An AI search platform to augment platforms
Since 2005, Coveo has helped more than 700 enterprise customers tackle their toughest data and information management challenges. We started with unified search, analytics, and early-binding security. Now, our platform covers connectivity, integrations and the highest security standards and certifications. It also offers a full suite of ML-based solutions including GenAI + 10 purpose-built AI models used across the enterprise for use cases like websites, workplace, service, and commerce.
We have always been early pioneers in search, moved to the cloud early, and have offered AI solutions for more than a decade. Our innovation and commitment to our customers consistently ranks us among the top, best-of-breed providers for Insight Engines (7x), Cognitive Search (6x), Enterprise Search (3x), and Knowledge Discovery Software (2x) as covered by independent analysts Gartner, Forrester, Info-Tech Software Reviews and IDC, respectively.
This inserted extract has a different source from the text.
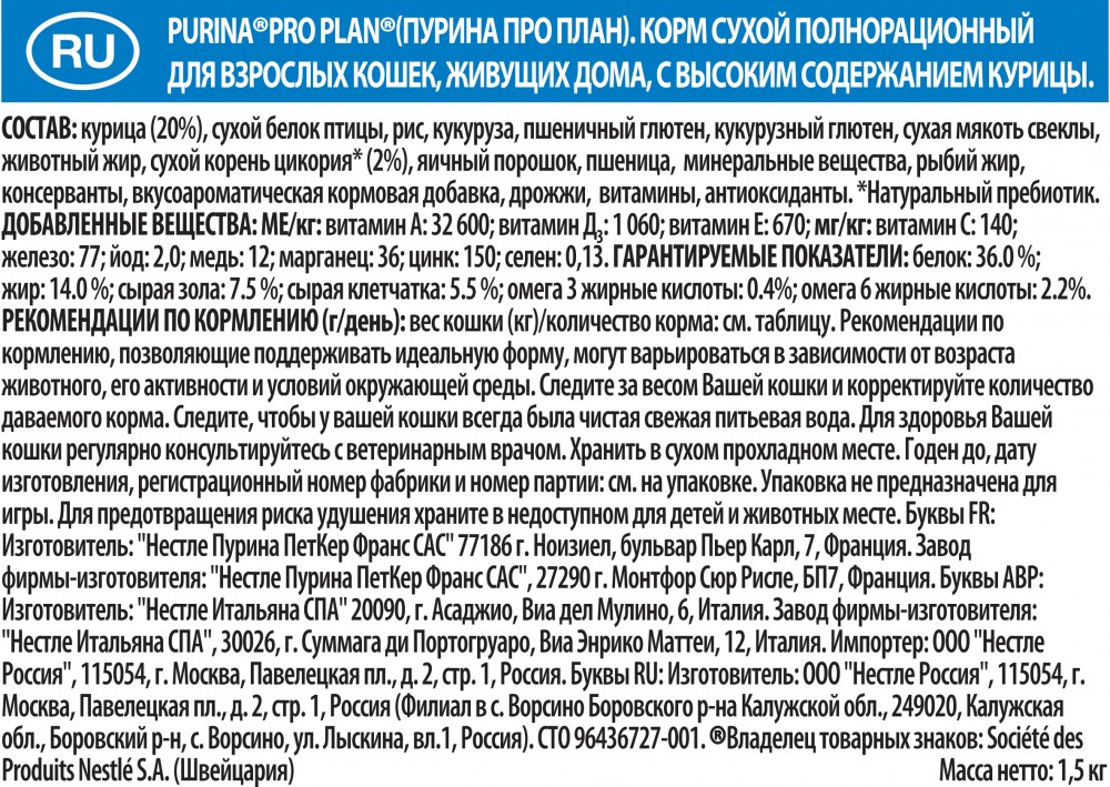 Purina Pro Plan Корм для домашних кошек «Pro Plan», с курицей (1,5 кг)В данный момент этот товар отсутствует в продаже. Возможно, у нас найдется аналогичный или похожий товар здесь. Серия: Housecat Условия хранения товара: температурный режим от -10 до +25°С. |

We believe the worlds of intelligent search, discovery, recommendations, generative answering, conversations, chats, and personalization have all converged. Search is now more important than ever before — as is your vendor selection process and choosing best-of-breed solutions.
But what’s more important is understanding that search, search relevance and an AI Search and Generative Experience platform like Coveo are foundational to creating a connected, intelligent, and dynamic enterprise. One that can successfully and safely leverage advanced technologies like GenAI while giving the business control and generating real ROI.
The reality is that you need an agnostic platform to connect and augment the many siloed systems you have in place today. While also being able to unlock the knowledge and information hidden within each.
You need a holistic solution. You need a closed-loop, fully managed solution. You need an enterprise solution.